About CuddleXpo

A couple of weeks ago, the first-ever professional conference for professional cuddlers took place.  We’re a tiny little industry, but to the extent that it can be said there are big names in this industry, nearly all of them were part of the event. Samantha Hess (who cuddled Neil Patrick Harris on American’s Got Talent) from Cuddle Up to Me in Portland, Jean Franzblau (who was on the Dr . Phil Show this summer talking about professional cuddling).  from Cuddle Sanctuary in LA, Madelyn Guinazzo and Adam Lippin from Cuddlist (which has been featured in Fortune, the New York Times, Glamour, Vogut, and many other national and international media outlets). During Marcia Baczynski’s keynote, she asked people to raise their hands if they had been quoted in the Rolling Stone article about Professional Cuddling, and hands went up all around the room (three quarters of the pros quoted in that article were at the event).

In an industry this new and this small, pretty much all the people who come to a conference like this are pioneers.  The conference was the brainchild of Fei Wyatt, also from Cuddle Sanctuary in LA. Since I know a little about running conventions, I offered to help and became the co-founder of the event. Keeley Shoup came on as Director, and we worked for more than a year to put the event together, with a small team of great volunteers.

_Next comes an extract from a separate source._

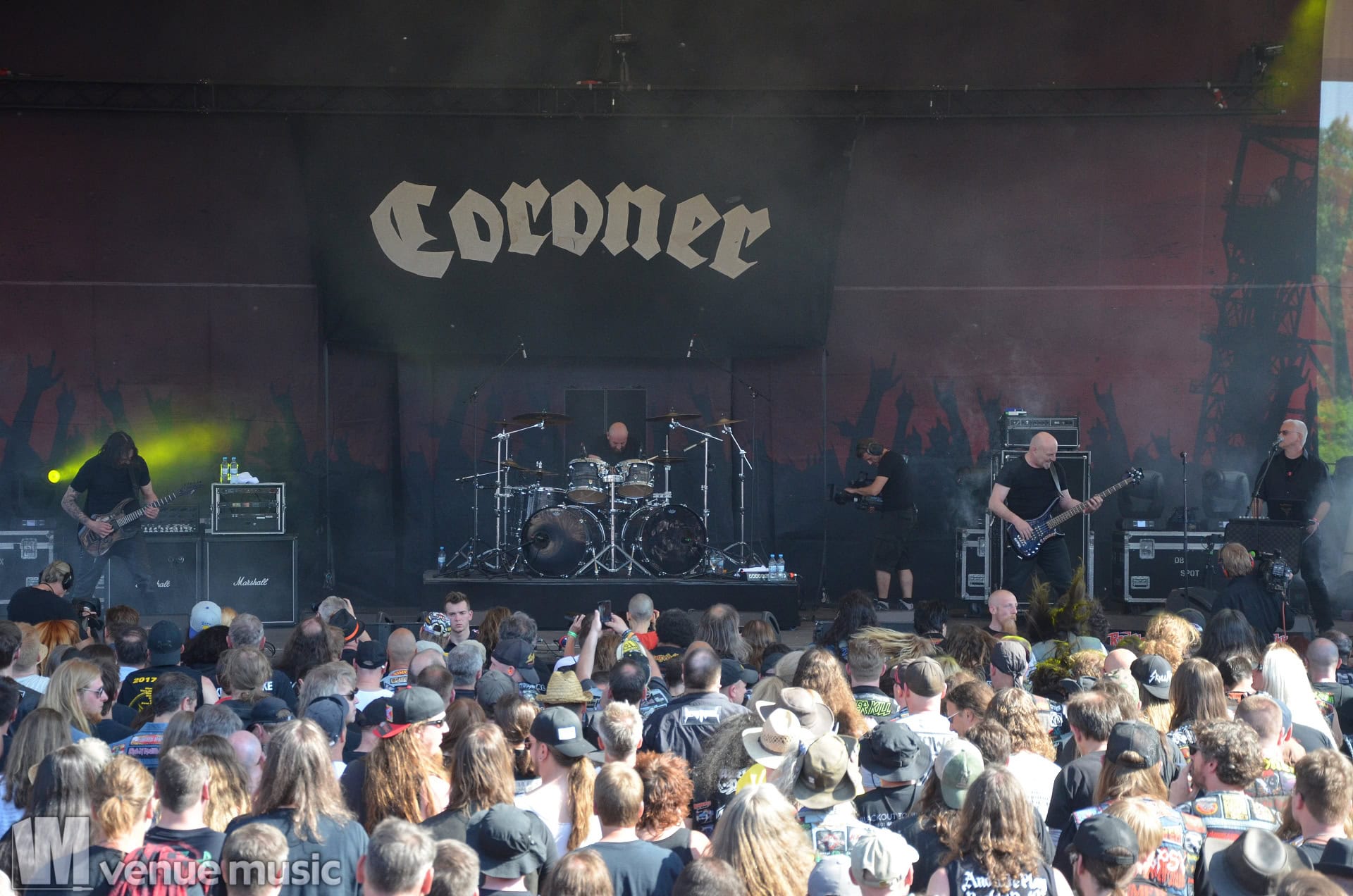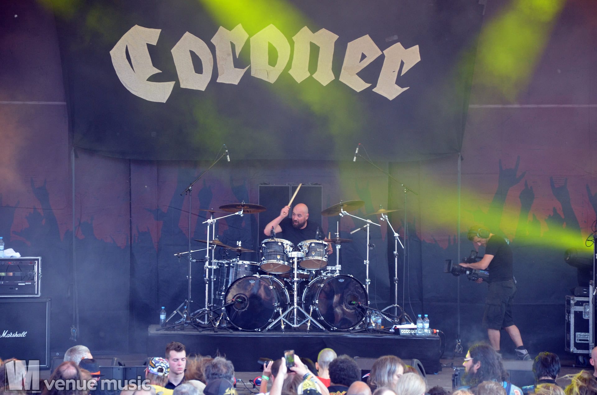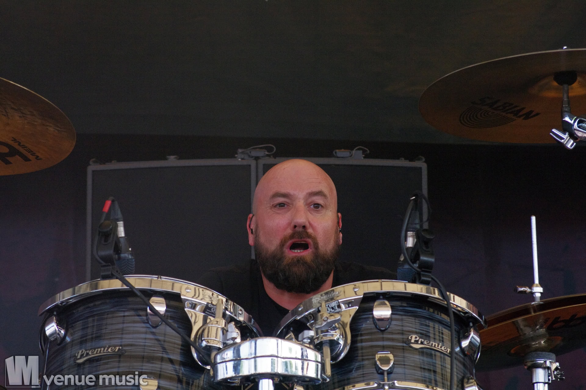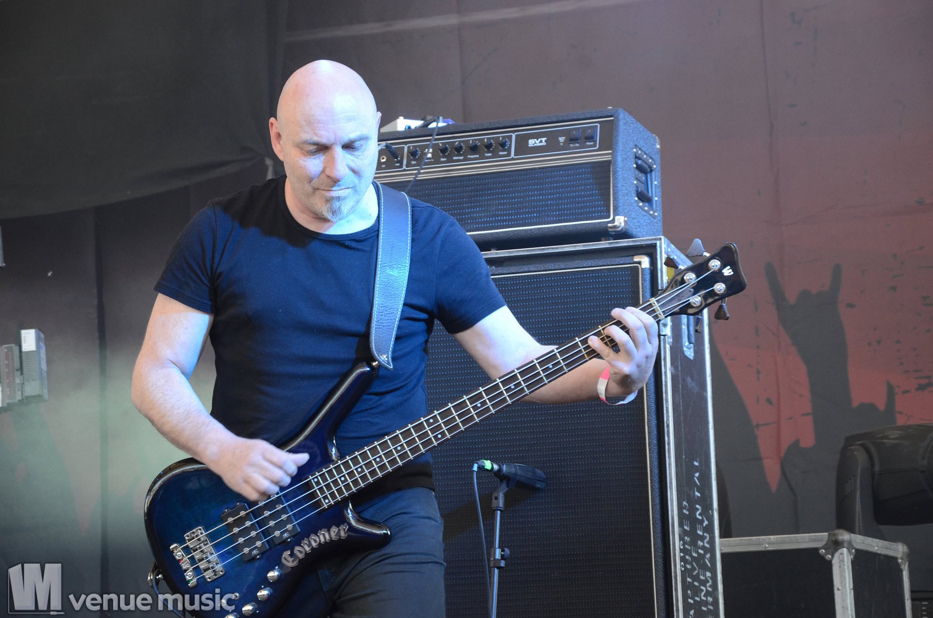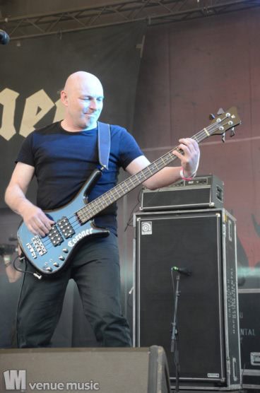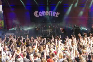 Das neuste Album von Coroner ist immerhin 25 Jahre alt, denn die Band hatte sich in den 90ern eigentlich aufgelöst um nun seit einigen Jahren wieder ein paar Shows zusammen zu spielen. Sie bedachten jedes ihrer 5 Werke mit mind. einem Song in der Setlist. Eine aufwändige Bühnenshow lieferten die Schweizer zwar nicht ab, aber rockten dennoch richtig los. Vor allem Drummer Marky Edelmann gab alles und hängte sich so richtig rein. Ein großartiges Moshpit oder viele Crowdsurfer waren nicht zu verzeichnen, doch das Amphitheater war gut gefüllt.

I went into the event feeling confident that I would learn a lot – and importantly, that it would help me understand whether this is a world I really fit into or not. I have been all in for the event, and for the profession. Not only was the cofounder, I was also a sponsor of the event (and of the online event we held in March to start consolidating the community.) I feel good about putting my business right in a line with the other sponsors mentioned in the first paragraph of this blog – but I wasn’t at all sure I belonged there, or even that it was the right place for me to be.

I came out of the event excited again about the possibilities in this industry. It’s clear to me now that my failure to find a scalable business model isn’t really a failure – it’s just a thing nobody’s really got figured out yet. Nearly all the “big names” I met and talked to have another source of income to help them make ends meet. So the fact that I’ve decided to focus a little more on my other business, which provides me with most of my income, no longer feels shameful to me, which is a big weight off my shoulders.

It’s clear to me that there’s a need for this service – and it’s just as clear that we’ve got a significant way to go as a culture before it’s socially acceptable. People who’ve been doing this much longer than I have talk about the industry being where massage was 30 or 40 years ago. I hope it’s not decades before the cuddle version of Massage Envy shows up in major cities all around the country, but it might be.

And that’s okay. Because the need to create safety for people is real. The need to help people rewire their brain so touch stops having a traumatic effect on them is real. The need to give people a space to practice their boundary setting is real. The need to rethink the way our culture looks at touch, and consent, and labor, and nurturing is real. Professional cuddling meets all of these real needs in a way nothing else does, and so as an industry we’re here to stay.

I’m excited that my involvement in CuddleXpo has brought me into contact with so many people from around the world whose practices I admire and get to learn from. I’m excited to have a place in this industry that has the chance to reshape our culture.